London's READY Pre-Launch Event, Bill Gates' Keynote and Q&A
Yesterday's event was the first in the series of 294 (pre)launch tours in 242 cities, 91 countries with near 200K attendees around the world. All UK launch events are now fully booked and for each delegate from Microsoft partners, there will be 18 customers attending the launch events so go figure out what the opportunities are. Originally there was one event in London on the 15th of November, which sold out in less than 24 hours so they planned for another one on the 14th. They are now thinking about holding more events in London to meet the demand so keep visiting the launch tour web site.
The event included high-level sessions on three elements of the launch: Visual Studio 2005, SQL Server 2005 and BizTalk Server 2006. They also provided some statistics on the IT market, one of which was the fact than more than 50% of developers are now using Microsoft platform (and predominantly .NET).
Right after lunch the Queen Elizabeth II Conference Centre had the pleasure of welcoming William Gates II [KBE], Microsoft’s chairman and chief software architect. Bill talked about the timeline of computing from 1975 when it all began, then to 1985 when we had PCs and DOS, 1995 when we got GUIs and Windows and now in 2005 when we have got the tools and infrastructure to build Internet, XML, .NET and web services apps.
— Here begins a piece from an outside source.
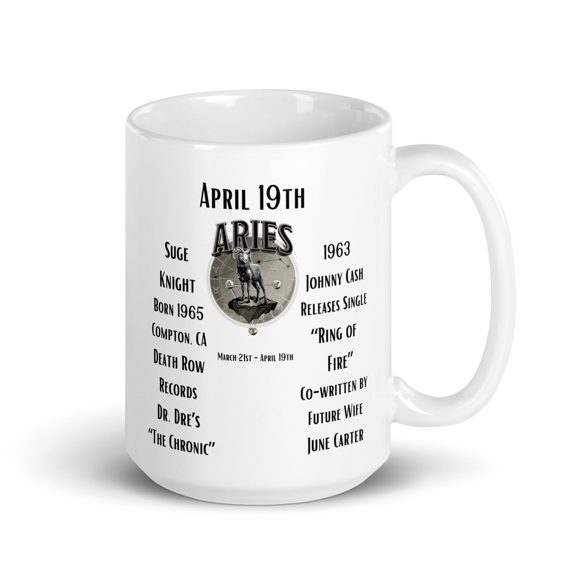 April 19th is a day that bridges the worlds of music production and iconic country sound. Born on this day in 1965, Suge Knight, a notable figure in the music industry, played a significant role in the rise of West Coast rap and hip-hop through Death Row Records. This date also resonates with the legendary rhythms of Johnny Cash, as April 19th, 1963, marked the release of his classic hit "Ring of Fire." This song, with its distinctive sound and poignant lyrics, became one of his most famous tracks, cementing his legacy in the annals of country music. This mug honors both the behind-the-scenes power of music production and the enduring appeal of classic country tunes.

He referred to Smart and Atlas (AJAX) clients as new wave of applications.
After Bill’s keynote there was a Q&A session with Bill. The person to ask the first question was not satisfied by greeting Bill and said to him “Let me come and shake your hand” while moving towards the stage :)
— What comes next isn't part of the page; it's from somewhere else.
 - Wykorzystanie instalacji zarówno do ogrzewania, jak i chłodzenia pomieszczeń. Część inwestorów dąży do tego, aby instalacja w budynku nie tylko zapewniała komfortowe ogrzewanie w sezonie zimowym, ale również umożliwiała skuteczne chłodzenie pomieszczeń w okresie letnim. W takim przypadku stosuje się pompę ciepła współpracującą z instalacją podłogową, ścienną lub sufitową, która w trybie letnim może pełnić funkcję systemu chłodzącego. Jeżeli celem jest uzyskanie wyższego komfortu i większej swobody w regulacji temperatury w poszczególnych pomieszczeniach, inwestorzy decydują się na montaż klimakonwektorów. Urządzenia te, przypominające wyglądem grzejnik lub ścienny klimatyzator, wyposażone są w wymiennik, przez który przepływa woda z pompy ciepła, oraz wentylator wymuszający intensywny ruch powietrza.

Here is a summary of some the Q&As (not an official transcript!):
Q. Who is Microsoft’s biggest competitor?
A. Many people believe it is Google, they are agile and are doing a good job at Internet search and cool tools, but we (Microsoft) will do better! Sony are good at PlayStation but we are releasing XBox 360 in December. We are competing with Blackberry and Nokia on the mobile market, and Oracle and IBM are competitors in the database market. But it is just IBM that has been a competitor for a period of over 5 years. List of Microsoft competitors changes every five years (laughing).
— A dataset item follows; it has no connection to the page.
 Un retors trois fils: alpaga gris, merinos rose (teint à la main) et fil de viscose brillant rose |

Bill mentioned that Microsoft needs to be more agile and innovative and has to fight organisation bureaucracy in order to avoid becoming a traditional enterprise. If Microsoft has got one enemy, then “the enemy is us”.
Q. How is Microsoft is going to sell .NET to Java developers?
A. We tell them to do one project in Java and .NET and compare their experience and productivity. The major issue with J2EE is that people talk about Java and J2EE but they are actually talking about WebSphere, etc so there is no true compatibility.
Q. Is Microsoft going to launch something similar to IBM’s global services organisations?
A. No. We believe that mentality between services and product development is different. Microsoft Consulting Services is not supposed to do the coding, they provide the high level architecture and leadership. Microsoft relies on partners to provide the services.
<Q. Do you still write code and if so in which programming language?
A. I used to write lots of machine and VB code and recently I have been playing with LINQ stuff that Andres is working on but I am writing code to understand how it works as they no longer ship the code I write!
All in all, although the event was not a technical one, but I enjoyed it a lot, especially after hearing that the audience will receive in the post a copy of Visual Studio 2005, SQL Server 2005 (RTM, no time bomb!) and an exam voucher for free!